To do: Print the lines in the listing below starting at the line with "지난해 말 기준 조선사" and ending at the line with "(251218) -- BRUSELAS, 18", both included. Reproduce them exactly and omit every picture.

Information given:
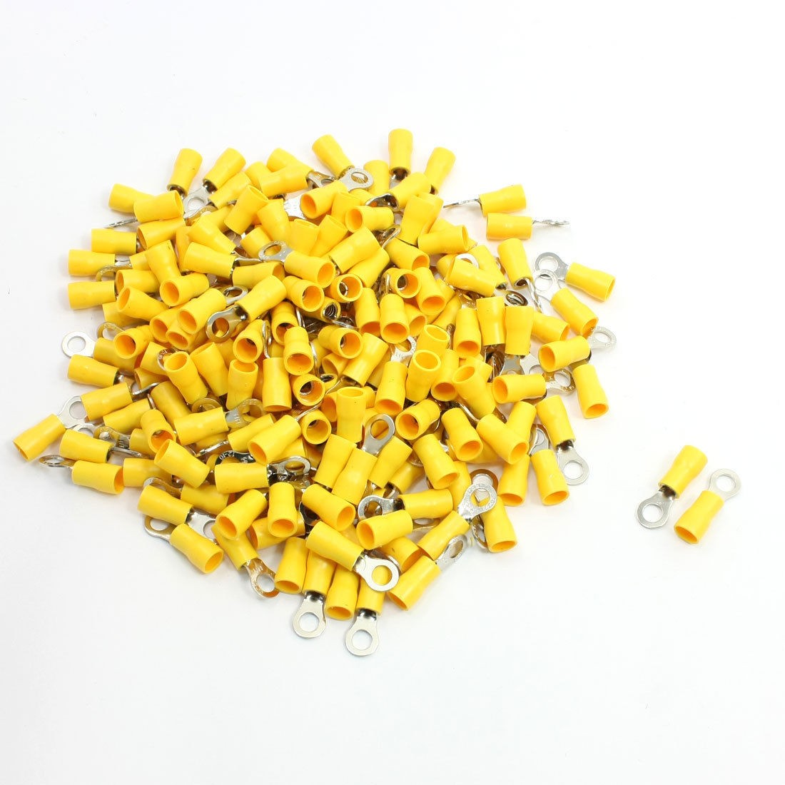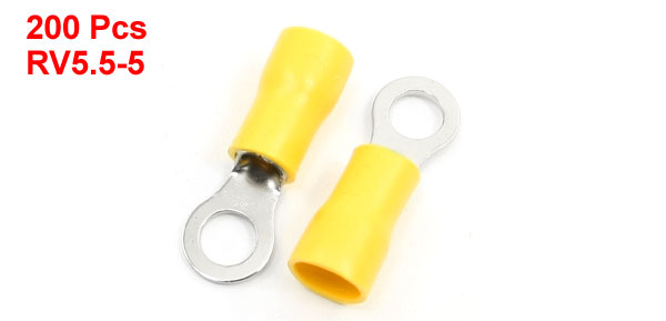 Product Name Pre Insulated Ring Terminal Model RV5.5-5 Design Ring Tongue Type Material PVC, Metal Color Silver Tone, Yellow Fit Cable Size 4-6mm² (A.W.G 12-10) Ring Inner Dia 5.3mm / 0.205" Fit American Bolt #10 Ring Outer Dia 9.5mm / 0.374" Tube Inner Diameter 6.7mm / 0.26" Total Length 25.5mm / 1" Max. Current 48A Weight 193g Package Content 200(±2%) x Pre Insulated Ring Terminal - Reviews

* * *

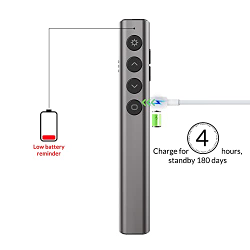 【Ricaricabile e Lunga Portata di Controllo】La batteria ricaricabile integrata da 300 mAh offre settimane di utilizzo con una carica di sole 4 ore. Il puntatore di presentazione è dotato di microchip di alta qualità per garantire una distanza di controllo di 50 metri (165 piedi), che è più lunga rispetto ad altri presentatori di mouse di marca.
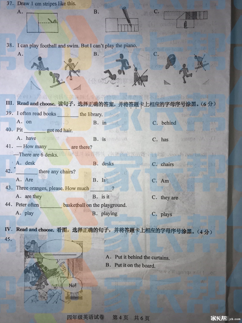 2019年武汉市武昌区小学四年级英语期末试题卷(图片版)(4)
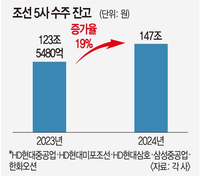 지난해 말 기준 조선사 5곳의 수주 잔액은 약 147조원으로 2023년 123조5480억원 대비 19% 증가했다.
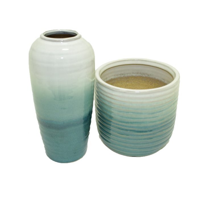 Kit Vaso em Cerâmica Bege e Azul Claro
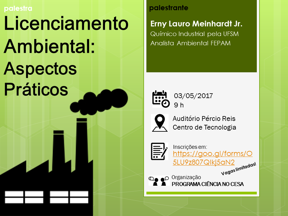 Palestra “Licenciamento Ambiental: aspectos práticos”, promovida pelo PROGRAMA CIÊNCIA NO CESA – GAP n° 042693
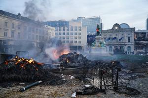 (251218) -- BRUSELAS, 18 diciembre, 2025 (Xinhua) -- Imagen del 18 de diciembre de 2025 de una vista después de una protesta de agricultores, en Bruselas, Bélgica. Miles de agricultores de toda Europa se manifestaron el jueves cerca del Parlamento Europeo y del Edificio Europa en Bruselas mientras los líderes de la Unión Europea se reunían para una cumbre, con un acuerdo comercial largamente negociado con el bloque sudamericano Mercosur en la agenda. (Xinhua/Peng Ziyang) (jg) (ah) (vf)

Answer box:
 지난해 말 기준 조선사 5곳의 수주 잔액은 약 147조원으로 2023년 123조5480억원 대비 19% 증가했다.
 Kit Vaso em Cerâmica Bege e Azul Claro
 Palestra “Licenciamento Ambiental: aspectos práticos”, promovida pelo PROGRAMA CIÊNCIA NO CESA – GAP n° 042693
 (251218) -- BRUSELAS, 18 diciembre, 2025 (Xinhua) -- Imagen del 18 de diciembre de 2025 de una vista después de una protesta de agricultores, en Bruselas, Bélgica. Miles de agricultores de toda Europa se manifestaron el jueves cerca del Parlamento Europeo y del Edificio Europa en Bruselas mientras los líderes de la Unión Europea se reunían para una cumbre, con un acuerdo comercial largamente negociado con el bloque sudamericano Mercosur en la agenda. (Xinhua/Peng Ziyang) (jg) (ah) (vf)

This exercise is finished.